● **WHAT NEEDS TO BE DONE**: Under this line is a listing; return exactly the lines starting at the one with "ગાંધી બુદ્ધ સ્વાધ્યાય" and running down to the one with "Manastirea turnu de prahova fotografii", and leave out its pictures.
===== RECORDS SUPPLIED =====
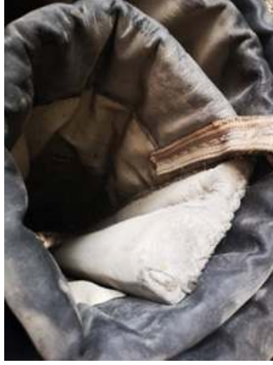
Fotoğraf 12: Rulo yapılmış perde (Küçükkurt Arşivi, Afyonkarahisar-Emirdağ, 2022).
=====
===== RECORDS SUPPLIED =====
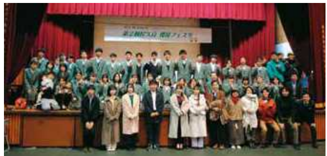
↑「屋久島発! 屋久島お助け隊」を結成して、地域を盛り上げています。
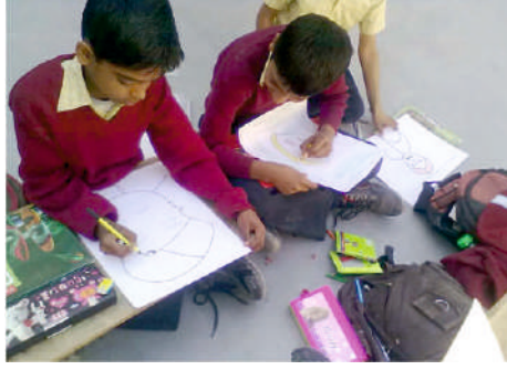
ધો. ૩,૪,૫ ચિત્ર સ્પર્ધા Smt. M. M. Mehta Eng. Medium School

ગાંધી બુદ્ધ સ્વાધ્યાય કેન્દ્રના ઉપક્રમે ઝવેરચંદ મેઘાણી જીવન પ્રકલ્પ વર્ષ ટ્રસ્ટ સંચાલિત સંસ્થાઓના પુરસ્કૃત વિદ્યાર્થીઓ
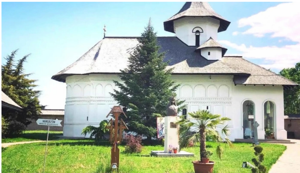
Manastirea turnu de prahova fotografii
=====
● **RESPONSE TO THIS TASK**:
ગાંધી બુદ્ધ સ્વાધ્યાય કેન્દ્રના ઉપક્રમે ઝવેરચંદ મેઘાણી જીવન પ્રકલ્પ વર્ષ ટ્રસ્ટ સંચાલિત સંસ્થાઓના પુરસ્કૃત વિદ્યાર્થીઓ
Manastirea turnu de prahova fotografii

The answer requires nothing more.